The ACTU has put the Fair Work Commission right at the centre of how they plan to fix the “broken system”. In her address to the National Press Club in March, ACTU secretary Sally McManus said “…we need an umpire who can enforce the rules. The Fair Work Commission’s independence must be restored and it must be given the power to stop employers who rip off or treat their workers unfairly. Now, more than ever, we need an effective and fair independent umpire to hold the power of big business in check.” 

Elsewhere, she has called for the Fair Work Commission to have the powers of a “tough cop”, and pushed for it to have greater powers of arbitration to end protracted industrial disputes.

Illusions and Solutions
All of this creates dangerous illusions amongst workers, and misses where the real solution to the problem lies. 

It spreads the mistaken idea that under capitalism, a class system in which the capitalist class has power, that apparatuses of the State such as the laws and courts, Fair Work, Work Safe, the police and so on can be made fair and independent for working people. State institutions of this kind only exist to serve the interests of the ruling capitalist class. That’s why they are so overwhelmingly rigged and useless to help working people.
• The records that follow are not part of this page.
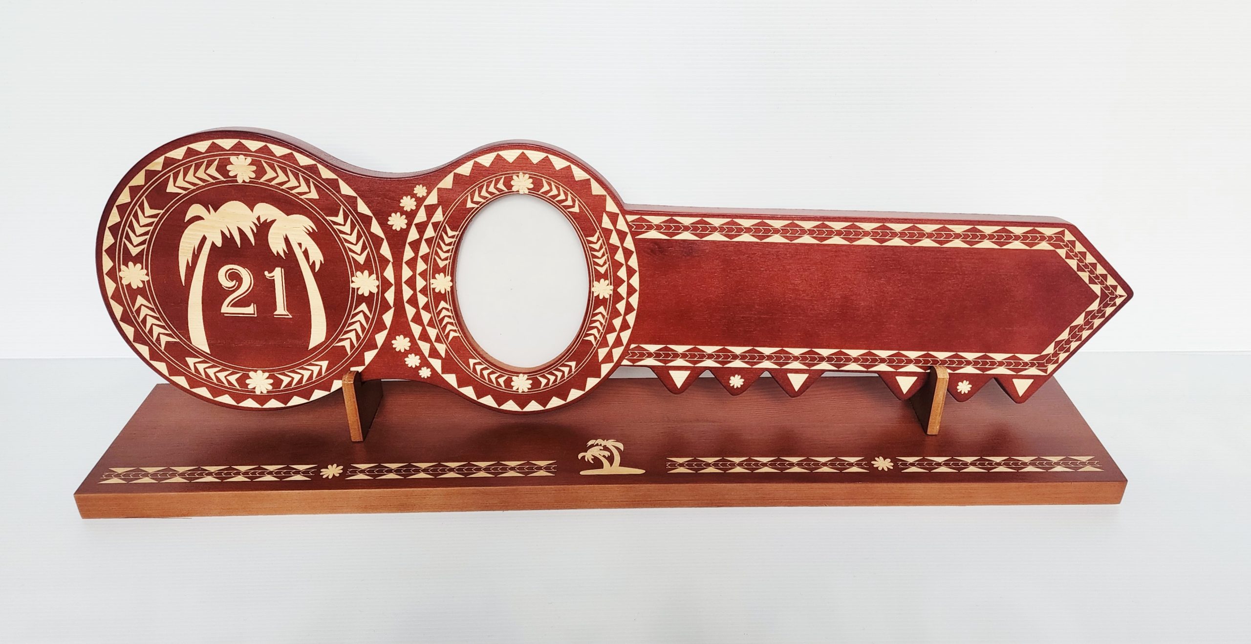 Celebrate a milestone with this beautifully crafted Island Design 21st Birthday Key. Made from solid timber, this key features finely laser-engraved island patterns across its surface.
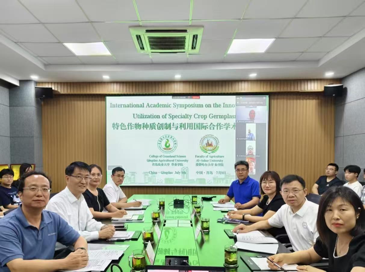 7月9日下午,为深化“一带一路”农业科技合作,应对全球气候变化挑战,推动特色作物绿色高效生产,太阳成集团tyc122cc与埃及爱资哈尔大学农公司联合举办了“特色作物种质创制与利用国际合作学术研讨会”。会议采用线上线下结合形式举行,太阳成集团tyc122cc经理王增裕教授、科技处副处长曹银娣、国际合作交流处副处长王磊等专家领导出席,两所公司的专家教授和研究生代表参会,太阳成集团tyc122cc郭彦军教授主持研讨会。
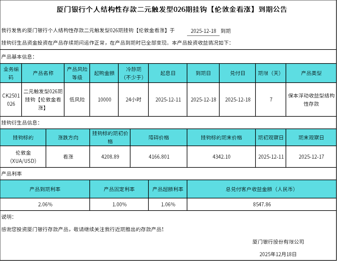 廈門銀行個(gè)人結(jié)構(gòu)性存款二元觸發(fā)型026期掛鉤【倫敦金看漲】到期公告
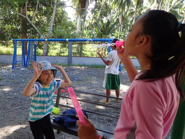 シャボン玉をかたっぱしからつぶす遊びに国境はありませんね。(笑)

The very few exceptional occasions when they do seem to benefit workers only helps to further sow the illusion and deception that they are able to be “fair” and “independent”. 

In the unlikely event that the unions ever got its people into the Fair Work Commission and could use it to greatly benefit workers, it would only be a matter of time before it was blocked, corrupted, stripped of its power, or shut down by the ruling class.

Just as importantly, the ACTU’s solution misses the fundamental point of how workers gains are made. Victories don’t come from so-called “independent umpires”, the courts, the politicians or the parliaments. They have always come from waves of defiant, militant and at times “illegal” struggle on the job, in the streets and in our communities. It’s through that militant struggle that workers and unions build the strength to force a change in the rules. We will never get it from begging and pleading with the bosses or the politicians. 

We need to be aiming to build the collective strength of workers. That’s where the real solution lies. We need to fight for our unions to have the power to inspect the bosses’ books to police rampant wage theft, as well as have greater rights of entry to workplaces and access to workers. We need to fight to remove the restrictions on workers to take industrial action, and the threat and intimidation of massive fines for unions and individuals who are brave enough to do so. 

In short, we need to be aiming to build the conditions for the working class to win and defend its own gains and “hold the power of big business in check” itself. We shouldn’t be seeking to rely on the benevolence of the State and it bodies like the Fair Work Commission to be a “fair independent umpire”, something it can never be as long as the capitalist class rules the system.

That’s why we raise the slogan Change the Rules, Change the System – change the rules to give workers greater ability to struggle, and change the system to one in which the working class has power in its own hands. That system is socialism, and it is the only system under which fundamental and long-term improvement to workers lives become a possibility.